Apache Geode: How Pymma Uses it as an Efficient Alternative to Kafka-Storm-Spark
Further to our customers request, we had to implement a fine monitoring system for the OpenESB business process engine. The largest OpenESB configurations on production runs concurrently dozens of engine instances, that daily, generate up to 10 billion of events. These events must be aggregated and analysed to generate data for monitoring.
A classical solution would be to store the events first and then process them in a batch mode. Simply, it would require too much storage and CPU capacities to process this number of events and a too long delay to provide monitoring information on time.
So, our architect decided to process the message coming from our engines as a stream of events. This processing involves three types of application:
- The buffer: It is used to store the events coming from the event providers (here OpenESB). The buffer must have a very low latency to capture a huge number of events without slowing down the event producer. At the same time, the buffer must capture data from multiple producer concurrently. This involves a powerful support of distributed and concurrent processes. Apache Kafka, Cassandra are some good examples of buffer.
- The engine: the engine implements a kind of step by step process with intermediate states. Each step executes a part of the event aggregation and analysis process, and generate intermediate state useful for the next steps. For obvious efficiency reasons, the intermediate states must not be stored outside the engine. One of the engine key feature is to process concurrently numerous events on many machines. Apache Spark and especially Apache Storm are typical examples of this type of software.
- The persistence system: when the event aggregation or analysis process is complete, the process results are sent to a persistence system which implements a query language to provide an easy access to the results. MongoDB, Crate, PostgreSQL, Greenplum can be used as a persistence system.
So, event aggregation or analysis process requires knowledge and installation of three or more different software. And this said, companies are reluctant to dedicate such budget and time to deploy an event aggregation or analysis process chain.
In our presentation, we demonstrate how, at our profit, GemFire or Geode can act as a buffer, an engine and a persistence system and avoid the multiplication of software and deployment.
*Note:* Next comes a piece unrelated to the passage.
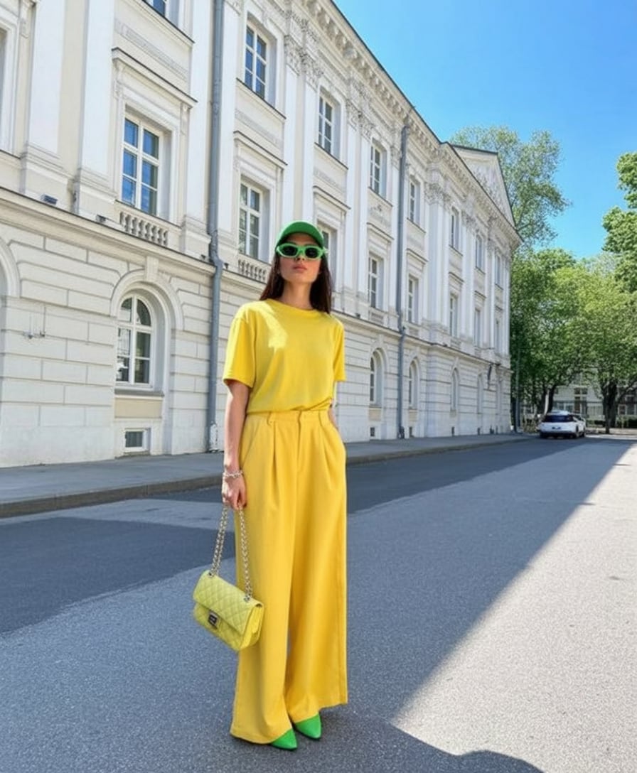 If you’ve ever wanted to try head-to-toe color, this monochrome yellow set is your sign. The easy tee and wide trousers create one long column, instantly lengthening your frame and giving that cool, minimalist aesthetic. Then the green cap, shoes, and sunglasses step in, turning the whole thing into a punchy blue-and-butter-inspired palette that looks straight off a street style shot. It’s bold, playful, and surprisingly wearable once you lean into it.

We explain how the asynchronous Event Queue and Event Handler work together to act as an engine which support step by step aggregation and analysis process, and take advantage of the distributed cache to work as a buffer and a result store. We also detail how GemFire partitioned region internal design, provides a great scalability and provides very good results for events aggregation and data analysis.
We hope that thanks to this presentation, the delegate will get a different point of view on GemFire or Geode and would like to use it as an event processing system.